Abstract

To prospectively compare risperidone with conventional antipsychotic agents among schizophrenia patients treated under usual practice conditions. One-year, multicentre, open-label, randomised trial carried out in 21 centres in 17 states of the US. 684 patients were followed from 1995 to 1997, and must have experienced a symptom relapse at study start. Patients were randomly assigned to risperidone therapy or their physician's 'best choice' of any one of the 13 conventional antipsychotic medications approved in the US. Outcomes measured were changes in psychiatric symptoms, side effects, satisfaction with drug therapy, quality of life (including health-related quality of life [HRQOL]) and resource utilisation. A subgroup analysis of the non-switchers was also conducted. Irrespective of treatment group, treatment switching and days with no drug therapy were observed.
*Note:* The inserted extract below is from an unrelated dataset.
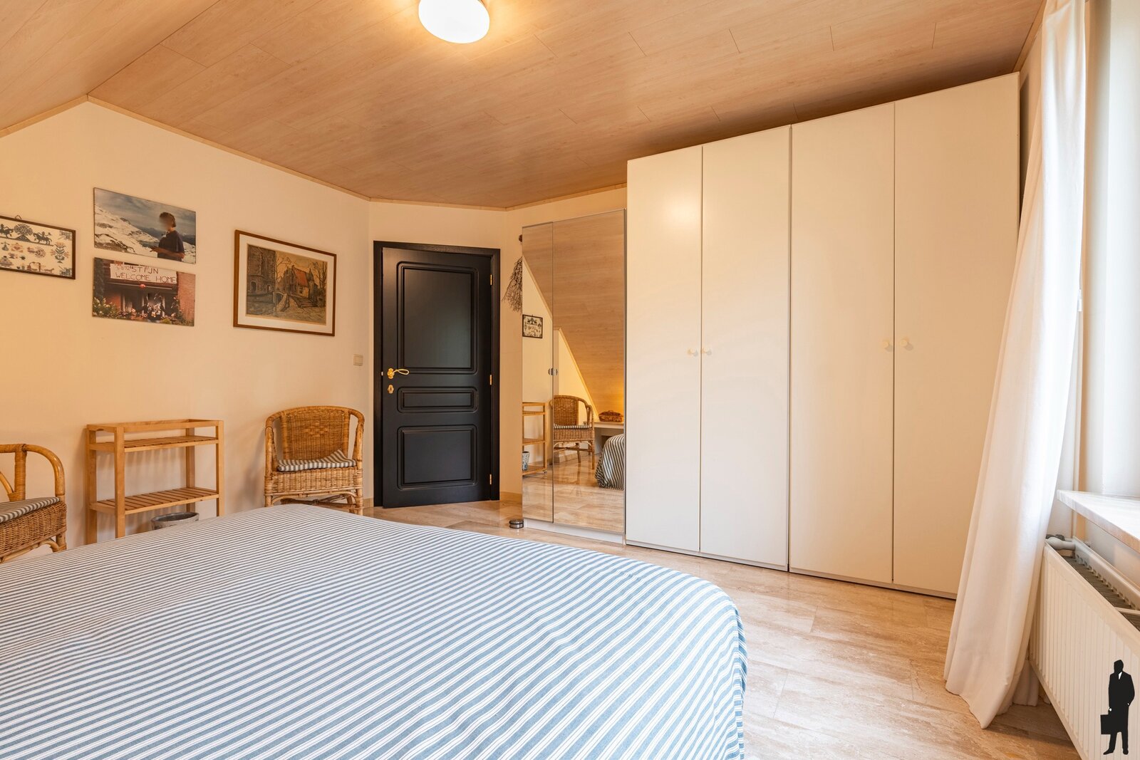 De overloop geeft toegang tot de drie ruime slaapkamers en een dressing.

Compared with patients on conventional antipsychotics, those in the risperidone group achieved statistically superior scores on the Positive and Negative Syndrome Scale for Schizophrenia (PANSS) [PANSS total score improved from 83.32 to 61.80 vs 81.42 to 66.99 in the risperidone and conventional groups, respectively), Barnes Akathisia Scale (scores improved from 0.89 to 0.55 vs 0.87 to 0.81 in the risperidone and conventional groups, respectively), and 36-Item Short Form Health Survey (SF-36) scale (scores improved from 32.83 to 39.92 vs 32.55 to 37.22 in the risperidone and conventional groups, respectively) during the 1-year treatment period. A significantly higher percentage of risperidone- treated patients had a 60% improvement in PANSS scores at 12 months (20.9% of patients compared with 10.7% in the risperidone and conventional groups, respectively). There was no statistically significant difference in resource utilisation between the two groups. Among non-switchers, patients in the risperidone group had lower total costs and more clinical benefits. Conditions of usual practice resulted in a high degree of non-treatment, treatment changing and multi-antipsychotic drug therapy. Patients in the risperidone group had better clinical outcomes (e.g. reduced psychiatric symptoms and side effects) and improved HRQOL. There were no significant differences in healthcare utilisation between the two study groups.